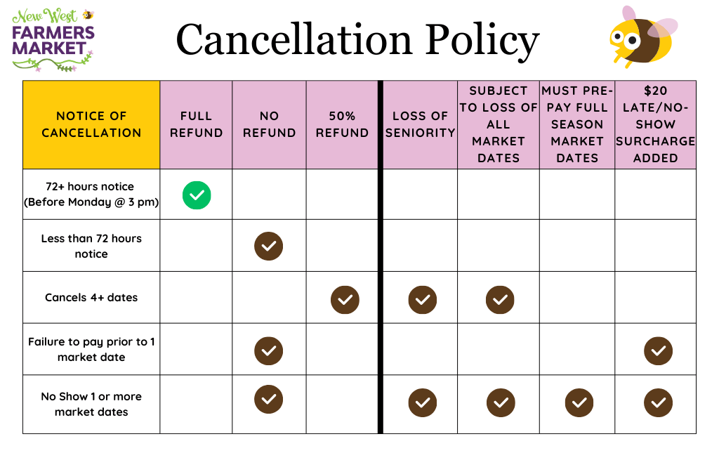 - Vendors who cancel more than 4 dates in the season will only be eligible to receive a 50% discount starting at the 5th cancelled market and will lose their seniority for the following year.
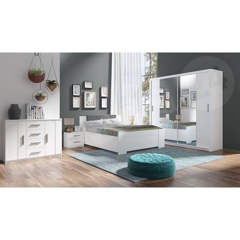 Nábytek do ložnice Kler VIII je klasická ložnicová souprava. Nábytek byl vyroben v nadčasové bílé barvě a má dekoraci v podobě úchytů. Součástí nábytku Kler je velká a prostorná posuvná skříň se zrcadlem na přední straně. Uvnitř se nachází množství polic a tyčí na šaty. Dalším prvkem je postel pro dva. Dodává se ve dvou variantách: s čalouněním nebo bez čalounění. Postel má velký kontejner na ložní prádlo a zvýšený rám. Souprava dále obsahuje komodu a dva noční stolky.
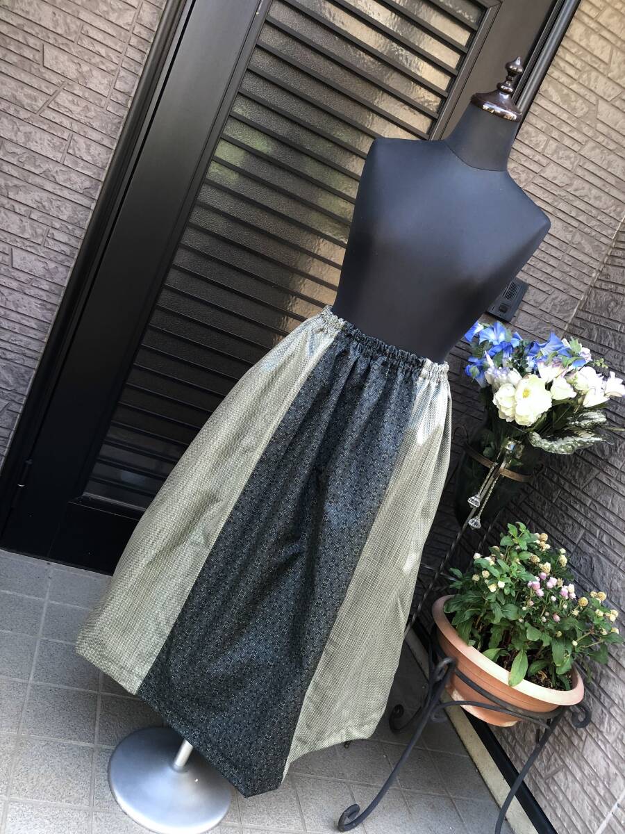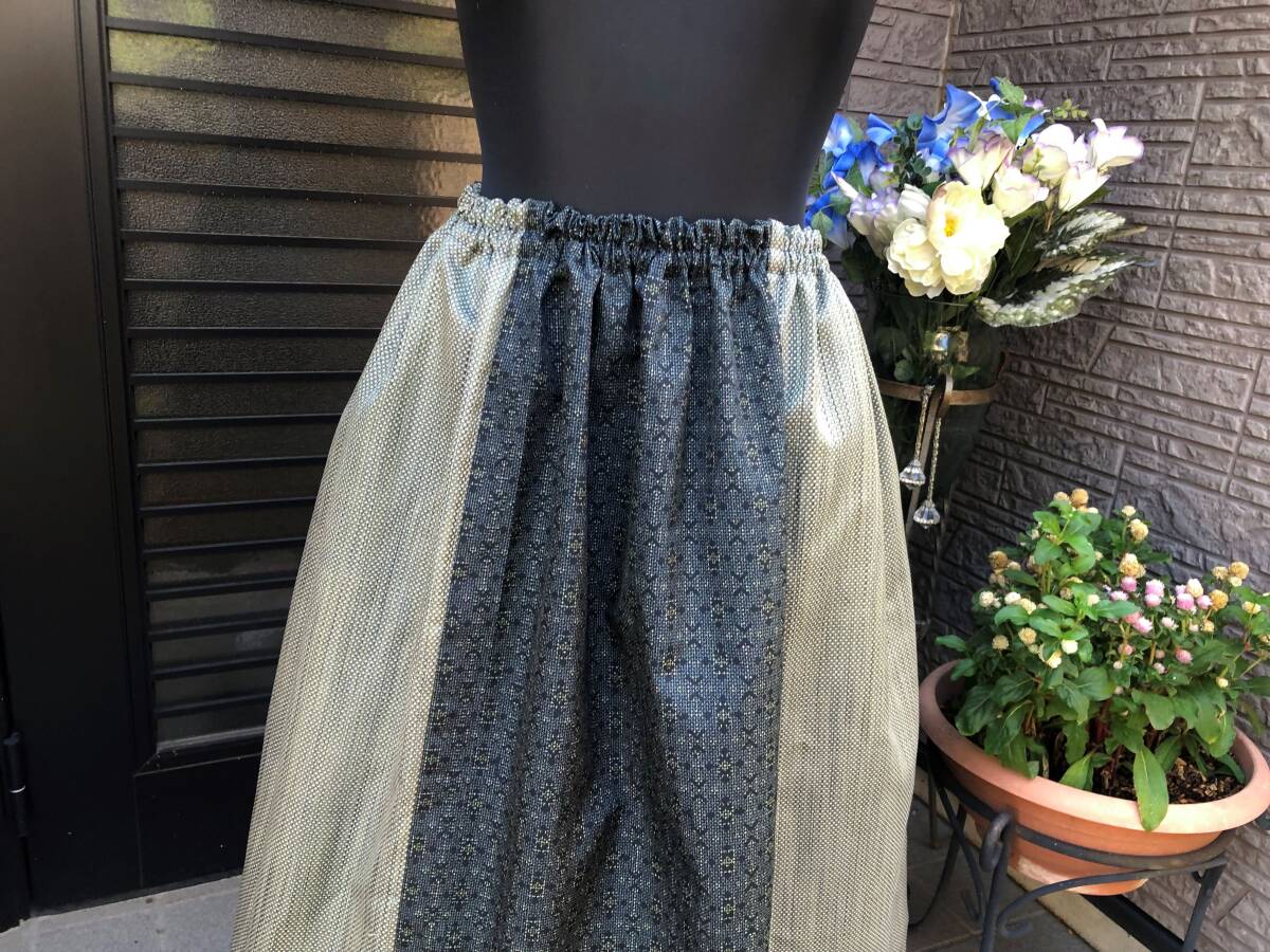 ハンドメイド 着物リメイク・和服リメイク 大島紬 フレアスカート・ロングスカート 古布 アンティーク
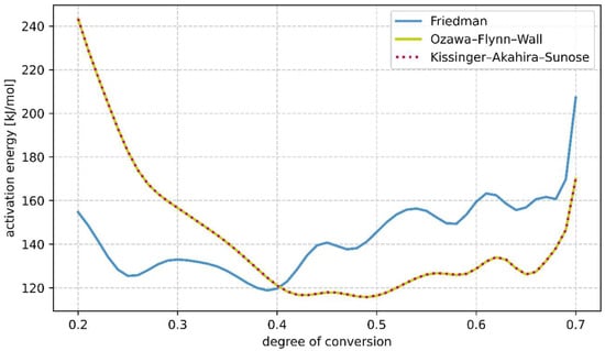 Figure 8, the activation energy calculated with the Ozawa–Flynn–Wall and the Kissinger–Akahira–Sunose methods is almost identical. With the Friedman method, in the range from a theoretical conversion of 0.37 to 0.65, taking into account some fuzziness due to the incomplete measurement results described earlier, the average activation energy is 144.18 kJ/mol. Using the Ozawa–Flynn–Wall method, a value of 123.36 kJ/mol can be determined in the same range, and using the Kissinger–Akahira–Sunose method, a value of 123.31 kJ/mol. The so-determined activation energy can now also help in a model-based approach to determine the kinetic model to select the appropriate reaction model.
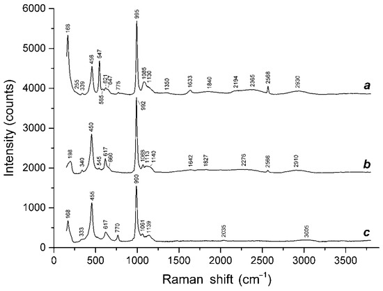 Raman spectra of the afghanite Samples 10 (a), 9 (b) and 11 (c).
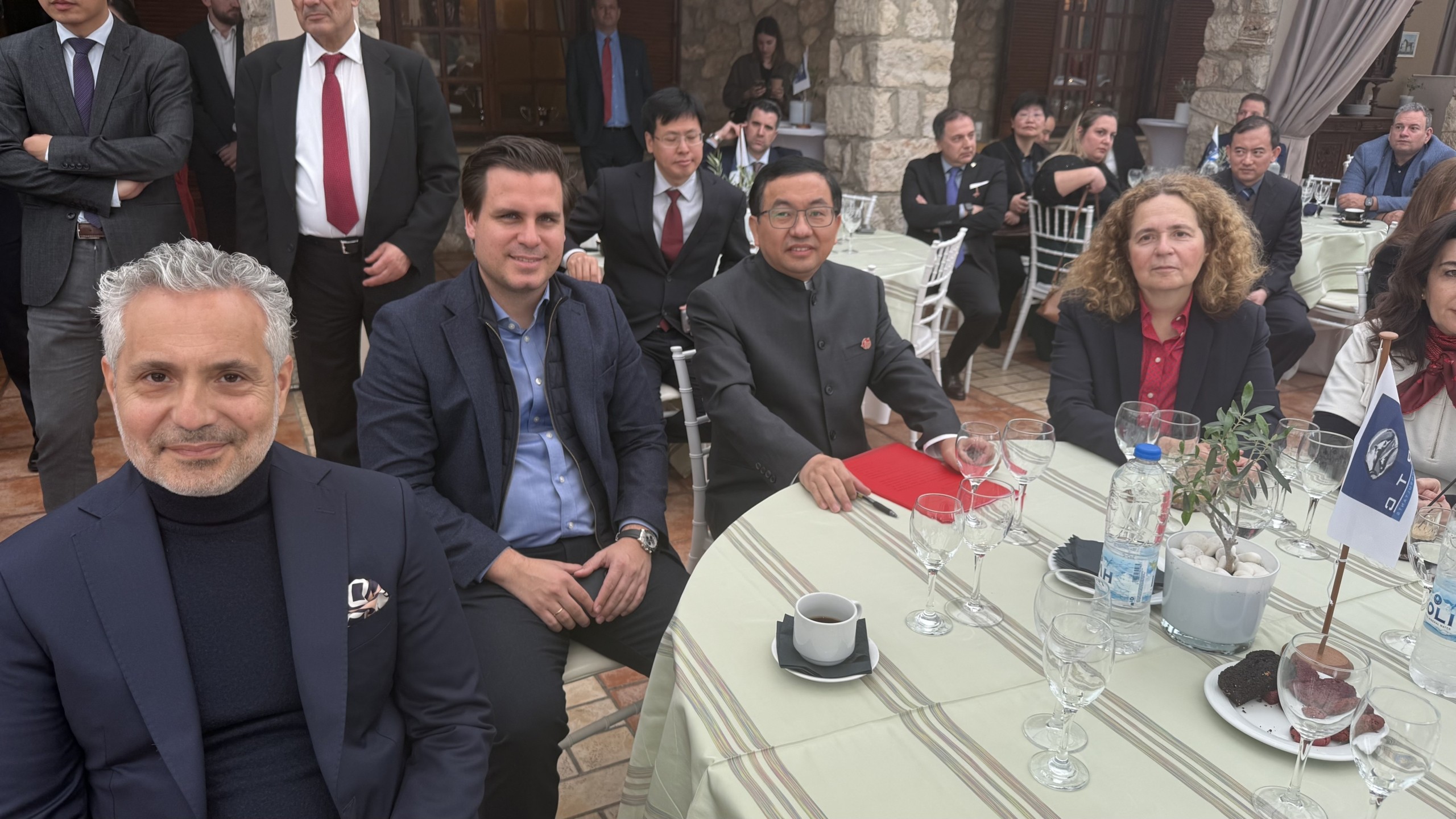 Ο Πρέσβης της Λαϊκής Δημοκρατίας της Κίνας Fang Qiu έδωσε σαφές γεωπολιτικό στίγμα. Αναφερόμενος στο 2025, μίλησε για «βαθιά αβεβαιότητα», τονίζοντας ότι η Κίνα επέλεξε τη γραμμή «open for talks, ready to fight to the end» στον εμπορικό πόλεμο δασμών, υπογραμμίζοντας ότι «οι παραχωρήσεις δεν φέρνουν δικαιοσύνη».
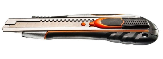 Nóż z ostrzem łamanym NEO (nr ref. 63-050) wyposażony w funkcję szybkiego cięcia wraz z suwakiem blokującym ułatwiają pracę narzędziem. Metalowe prowadnice oraz obudowa ze stopu cynku zapewniają długą żywotność produktu. Dwumateriałowy uchwyt zapewnia bezpieczeństwo i komfort podczas pracy. Marka NEO spełnia oczekiwania profesjonalistów.
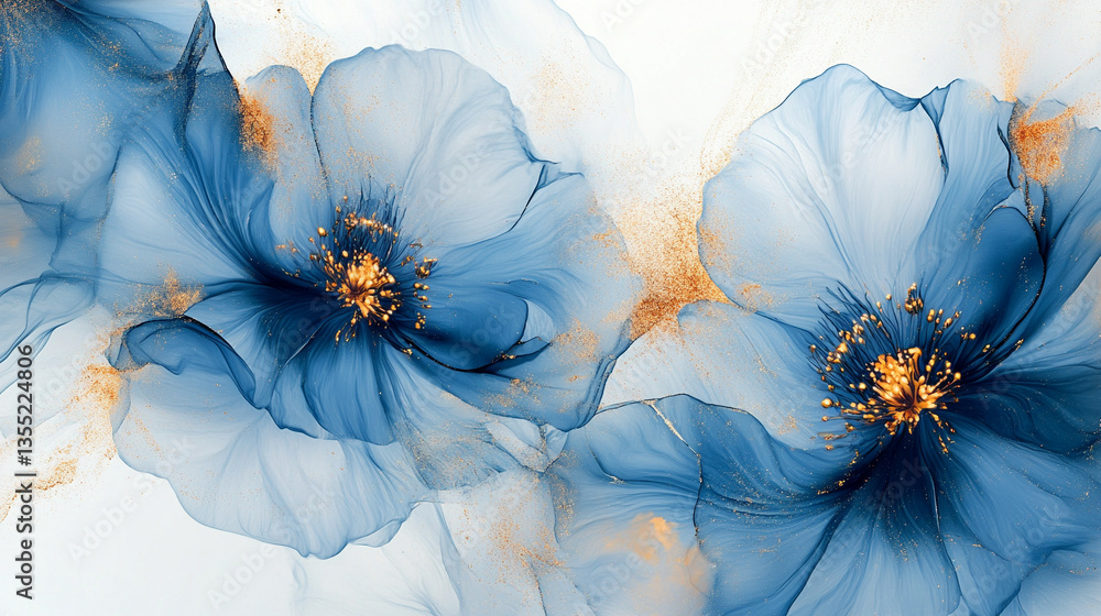 Fototapeta na wymiar - Tło kwiatowe, niebieskie abstrakcyjne kwiaty tło dla projektu, generative ai .
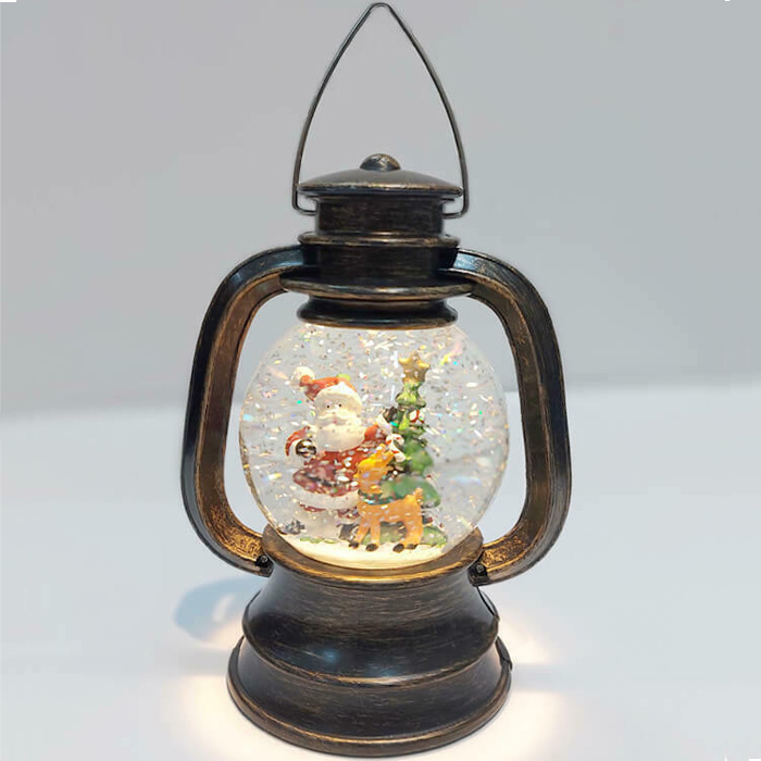 Χριστουγεννιάτικο Διακοσμητικό Φωτιζόμενο Φαναράκι Νερού με Γκλίτερ - Άι Βασίλη, Δέντρο & Τάρανδο 13.5x20cm
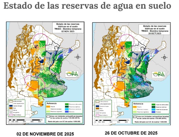 En contraste, la falta de lluvias comenzó a afectar otros puntos del país. La ORA señala que La Pampa, el centro y oeste de Córdoba, y el oeste de Santiago del Estero presentan reservas “regulares a escasas” y amplios sectores ya en situación de sequía. En tanto, en Corrientes, Santa Fe y Entre Ríos también se observó un secamiento en el perfil del suelo debido a la escasa actividad pluvial de la última semana.
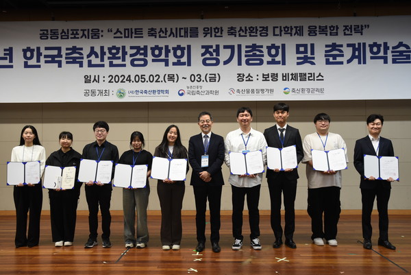 한국축산환경학회는 지난 3일 충남 보령 비체팰리스에서 춘계학술대회를 통해 축산환경 관련 구두·포스터 발표 중 12점에 대해 시상식을 가졌다.
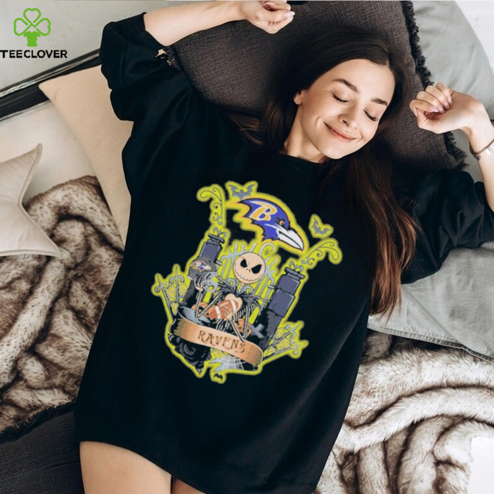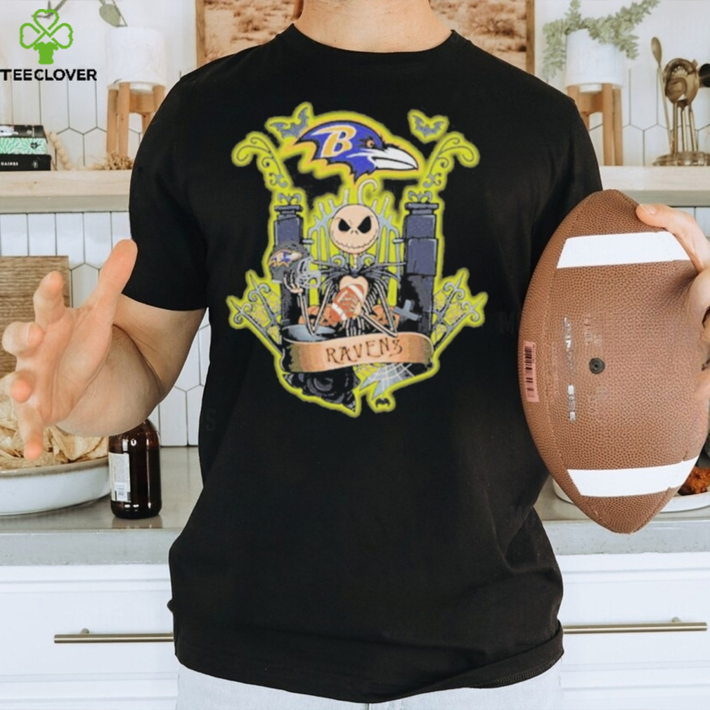 Everyone was now in good mood, including the jack skellington halloween baltimore ravens fan shirt . We had a grand time giving away tress. And we gave away thousands of trees. My girlfriend and I had just spent the last three days in a heavy rain, giving away free Christmas trees. Everyone made the best of a rainy situation. This put us both in a very good mood. I do not have any memories of Christmas day; however, two days later I asked my girlfriend if she would marry me. We had been dating all of six weeks. She said yes. We now have been married for over 45 years and often think about the βGreat Christmas Tree Caperβ around the holiday.
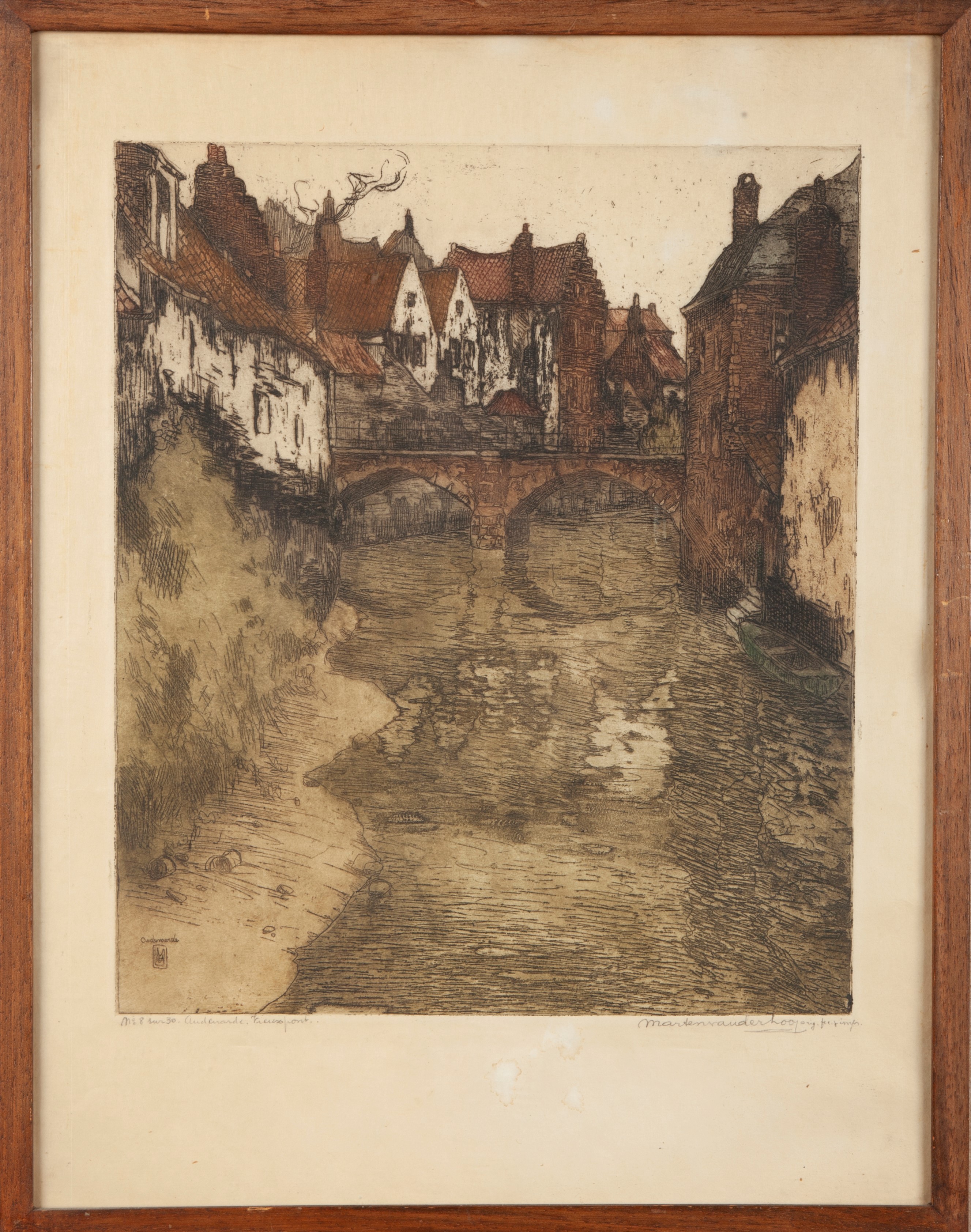 Numerazione "n°8 sur 30" e iscrizione "Andenarde. Vieux pont" sulla lastra in basso a sinistra. Firma a matita in basso a destra. Provenienza: eredi Ettore Modigliani, Milano.
○ ○ ○ ○
Instructions to follow » Would you please reproduce the entries above, starting at the line with "Figure 8, the" and stopping after the line with "Ο Πρέσβης της"? Omit any pictures.

Output below »
 Figure 8, the activation energy calculated with the Ozawa–Flynn–Wall and the Kissinger–Akahira–Sunose methods is almost identical. With the Friedman method, in the range from a theoretical conversion of 0.37 to 0.65, taking into account some fuzziness due to the incomplete measurement results described earlier, the average activation energy is 144.18 kJ/mol. Using the Ozawa–Flynn–Wall method, a value of 123.36 kJ/mol can be determined in the same range, and using the Kissinger–Akahira–Sunose method, a value of 123.31 kJ/mol. The so-determined activation energy can now also help in a model-based approach to determine the kinetic model to select the appropriate reaction model.
 Raman spectra of the afghanite Samples 10 (a), 9 (b) and 11 (c).
 Ο Πρέσβης της Λαϊκής Δημοκρατίας της Κίνας Fang Qiu έδωσε σαφές γεωπολιτικό στίγμα. Αναφερόμενος στο 2025, μίλησε για «βαθιά αβεβαιότητα», τονίζοντας ότι η Κίνα επέλεξε τη γραμμή «open for talks, ready to fight to the end» στον εμπορικό πόλεμο δασμών, υπογραμμίζοντας ότι «οι παραχωρήσεις δεν φέρνουν δικαιοσύνη».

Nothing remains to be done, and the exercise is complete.